Give the listing again in full and exactly, apart from its pictures.

# SUPPLIED INFORMATION
==*==

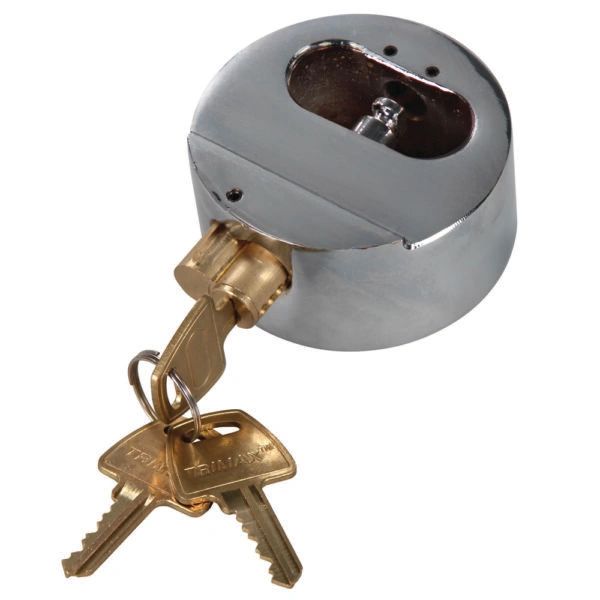 Locking a trailer can mean a lot of different things, and Trailer Tech has all of them. A coupler lock will prevent anyone else from hooking up to your trailer. A wheel lock will prevent anyone from rolling away with it. Hasp locks, including the iconic "hockey puck" style locks will keep anyone but you from getting into your enclosed trailer.
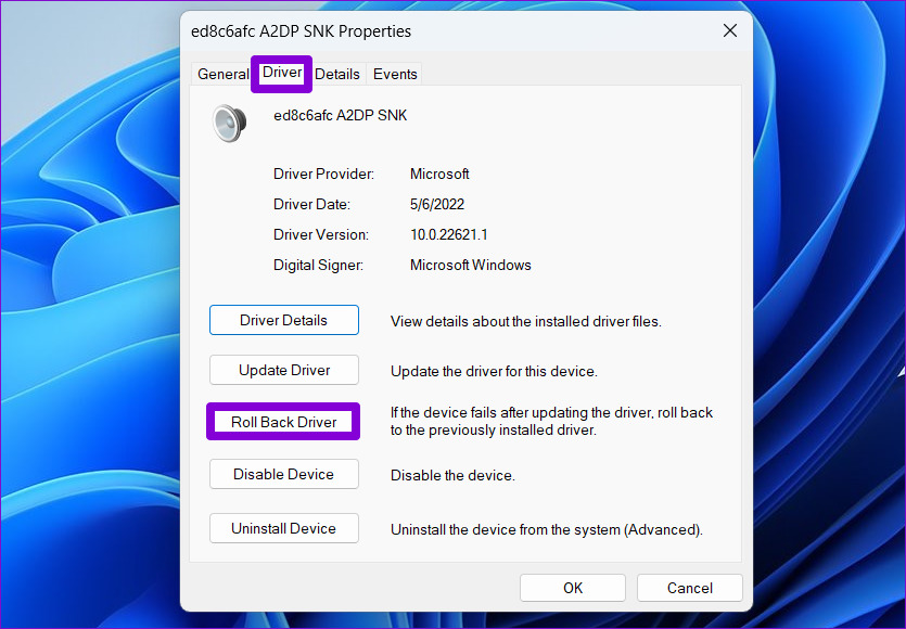 Paso 3: En la ventana Propiedades, cambie a la pestaña Controladores y haga clic en Revertir controlador.
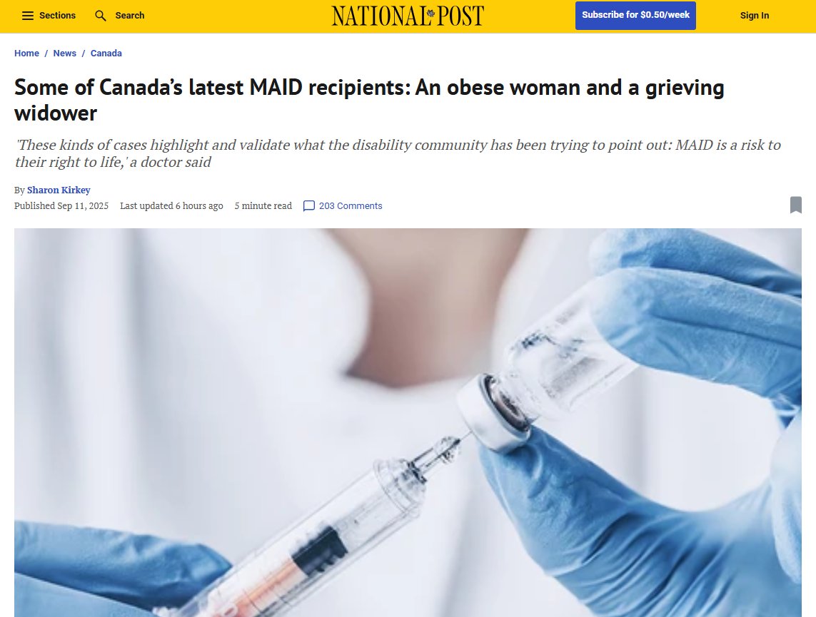Here's the truth: When your government starts offering to "end your suffering" instead of actually helping you live, that's not compassion. That's them looking at their budget and deciding you're too expensive to keep alive. And sadly...Canada's leading the charge.
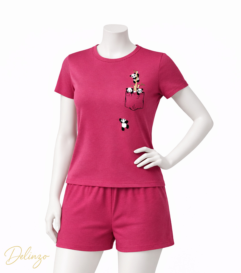 ست تیشرت و شورتک زنانه MYBEN طرح فانتزی پاندا

==*==

# SOLUTION FOR THIS PROBLEM
 Locking a trailer can mean a lot of different things, and Trailer Tech has all of them. A coupler lock will prevent anyone else from hooking up to your trailer. A wheel lock will prevent anyone from rolling away with it. Hasp locks, including the iconic "hockey puck" style locks will keep anyone but you from getting into your enclosed trailer.
 Paso 3: En la ventana Propiedades, cambie a la pestaña Controladores y haga clic en Revertir controlador.
Here's the truth: When your government starts offering to "end your suffering" instead of actually helping you live, that's not compassion. That's them looking at their budget and deciding you're too expensive to keep alive. And sadly...Canada's leading the charge.
 ست تیشرت و شورتک زنانه MYBEN طرح فانتزی پاندا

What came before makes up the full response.